Segment Start: Dataset section
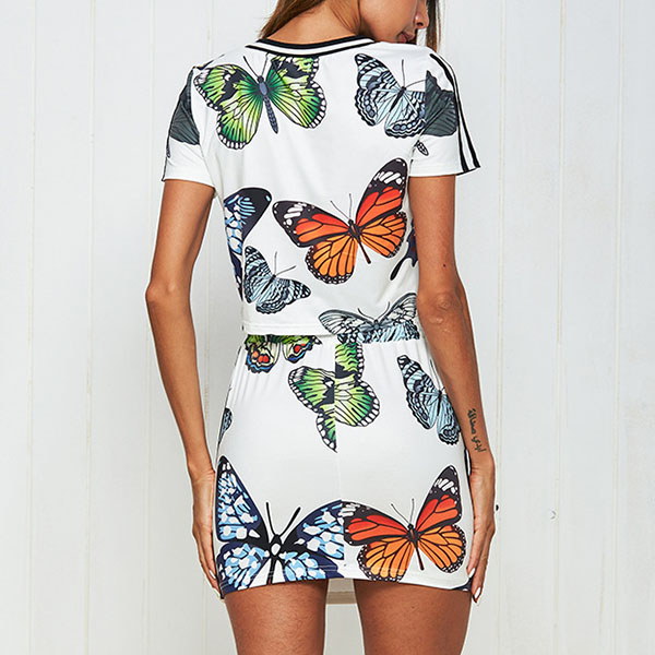 The butterfly printed pattern design makes it look so vivid and vibrant. Including a short sleeve round neck t-shirt
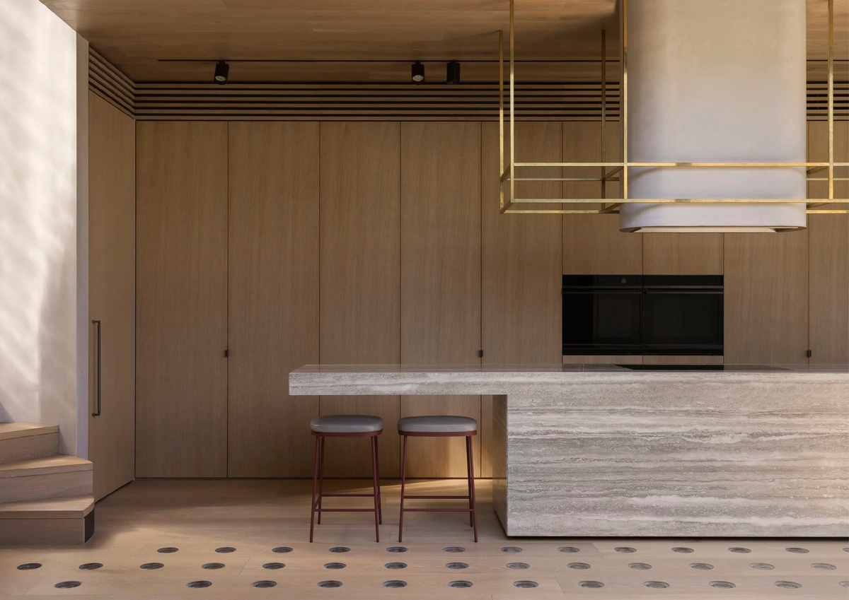 Фасад восстановлен: свежая расшивка швов и мозаичная плитка. Внутри сохранены прессованные потолки и молдинги, добавлены дубовые полы и венецианская штукатурка. Свет заливает пространство через стеклоблоки и витражные панели, отражающиеся в бассейне. Кухня в галерейном стиле — сердце дома: облицована деревом, с монолитным островом из травертина и скрытыми приборами. Она функциональна, но скульптурна, с видом на бассейн и игровую комнату.
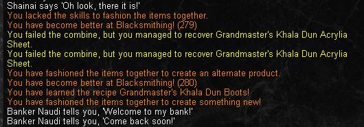 Dam - 15AA points into Salvage, and tried to make some GM DoN armor today. Failed on 2 attempts and salvaged the "Larghe brick of Bronze" so sabing me a wopping 84plat!!!!!
Segment End: Dataset section
Work instruction:
In the reply, each line of the data must appear exactly as written, and no picture may appear.

Answer section:
 The butterfly printed pattern design makes it look so vivid and vibrant. Including a short sleeve round neck t-shirt
 Фасад восстановлен: свежая расшивка швов и мозаичная плитка. Внутри сохранены прессованные потолки и молдинги, добавлены дубовые полы и венецианская штукатурка. Свет заливает пространство через стеклоблоки и витражные панели, отражающиеся в бассейне. Кухня в галерейном стиле — сердце дома: облицована деревом, с монолитным островом из травертина и скрытыми приборами. Она функциональна, но скульптурна, с видом на бассейн и игровую комнату.
 Dam - 15AA points into Salvage, and tried to make some GM DoN armor today. Failed on 2 attempts and salvaged the "Larghe brick of Bronze" so sabing me a wopping 84plat!!!!!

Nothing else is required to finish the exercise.